We use the approach described in the previous article to manage code for Spark applications .
It is about managing the quality of the code when developing Spark ETL, so as not to turn the work on the project into a flight of the soul, frightening even the author. As a result, the Spark ETL application looks just like a sequence of Spark SQL queries. The ETL transformation itself is described as an object in a separate configuration file.
What are the advantages of this approach?
- It has great flexibility. Actually, the application code does not depend on the transformation logic and can be easily added or even written from scratch on a new project. For example, if you need to parse JSON or XML.
- The important thing is that the code remains easy for a new person in the team to learn, no matter how complex transformations are encountered in the project. Only the number and size of configuration files describing individual transformations is growing.
- To expand the project, you can hire people who know only SQL.
However, this approach also has disadvantages, which are a consequence of the fact that it is not a full-fledged tool, but rather an internal development regulation. As a result, not much of what we would like. And I would like the following:
- Create autotests
- Maintain templating
- Create project documentation
- Validate a Model Describing a Transformation
- And the main thing is that a number of obvious things, such as showcases of various save formats and support for full, partial and incremental loading, are supported out of the box.
As it turned out, such a tool already exists and this application is based on similar principles, providing the ability to describe ETL transformation as a set of SQL queries and execute them on Spark - Data Build Tool (DBT) The
application is mentioned as an obvious tool for ETL to use. Moreover, you can verify this by looking at how this tool is promoted by Databriks or here by reading the article .
I myself really liked this material: DBT (Data Build Tool) Tutorial from Fishtown Analytics
DBT offers to conduct an ETL transformation project in the form of a hierarchy of SQL queries, supports a templating engine, checks the validity of query references to each other, generates autotests and documentation. In addition, it supports various query execution environments, is able to create a dependency graph of project tasks. It is distributed free of charge, but it also contains paid versions with support for the development environment, and is also supported by many other tools: for example, there are many materials on the Dagster - DBT bundle.
How does DBT manage the task, according to those who have had to solve the same problems on their own?
The most interesting, as always, is hidden in the details, so it is interesting to see them.
Great, let's try this app. What does the product offer?
- Spark. . DBT , , Spark.
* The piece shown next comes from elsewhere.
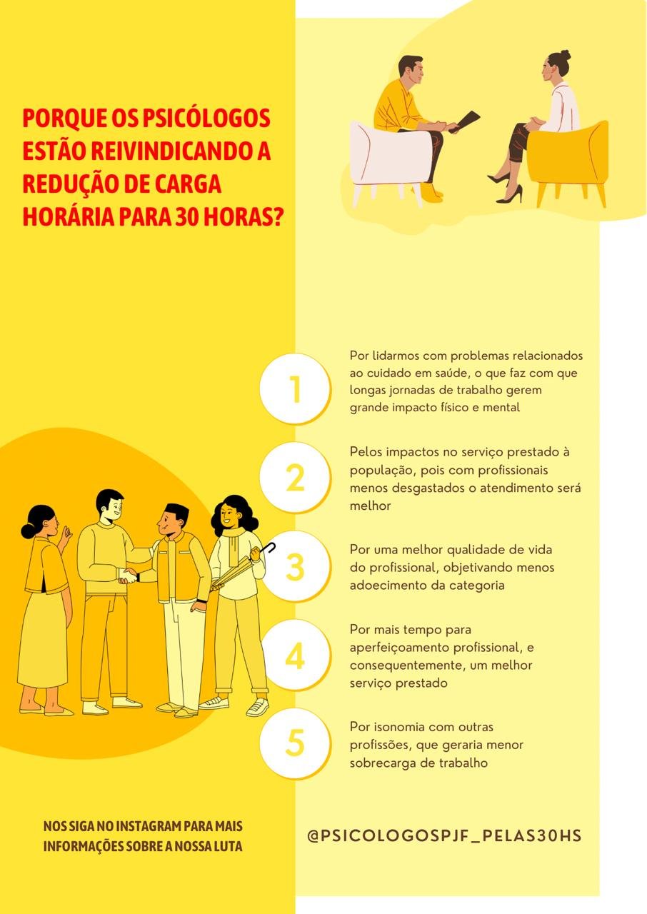 Durante o ato, três representantes dos trabalhadores (Lais Lage de Carvalho, Sara Ribeiro e Taisa Serpa), os diretores do SINSERPU-JF Francisco “Chiquinho” Carlos da Silva (presidente) e Antônio Carlos de Sant’Ana e a vereadora Cida Oliveira (PT) foram recebidos pelo secretário municipal de Recursos Humanos, Rogério Freitas, e o procurador-geral do Munícipio, Marcus Motta Monteiro. As psicólogas ressaltaram que a demanda pela jornada de 30 horas é antiga, que não querem que a reivindicação seja “atrelada” a um futuro plano de cargos e carreiras e que a medida carece de urgência, para evitar, entre outras coisas, o adoecimento dos profissionais. Os representantes da Prefeitura, no entanto, citaram uma “possível insegurança jurídica”, em ano eleitoral, para descartar oficialmente a possibilidade de atender a reivindicação.

Spark : Thrift Server ;
- SQL . DBT – SQL , , – DBT, ;
- . : , , ;
- . DBT , ;
- . DBT Ninja Template ;
- DBT addhook-, , id ;
- DBT , , .
In general, there is everything that one way or another met in such projects and that had to be added to our own developments.
The only thing I had to tinker with, and it turned out to be unexpected, was connecting to Spark. DBT offers various options for executing requests. We are only interested in Spark for connecting to which there are also different options. Since we are talking about our own clusters running Cloudera, we are left with the Spark Thrift server option. And then suddenly it turns out that Cloudera includes Spark in the distribution without a Thrift server.
It turns out that they think you need Impala, so they diligently build a Spark distribution without Thrift and happily include it in the cluster distribution.
Who is to blame is clear. What to do?
Download the required Spark distribution kit, install it on the cluster node. Specify in the settings a link to / etc / hadoop / conf. We launch Spark Thrift Server from the distribution kit, after which we specify the host-port of our Thrift server in the DBT settings.
Maybe someone knows another way? I did not find. OK. We create a test project. Configuring a DBT Profile:
In a project, a model that accesses queries from one of the Hive tables to verify that the settings have been read.
First, we check that the DBT sees Spark.
DBT debug
Now we check the test model, which makes a Spark request to Hive:
Connected, requests pass, everything is fine.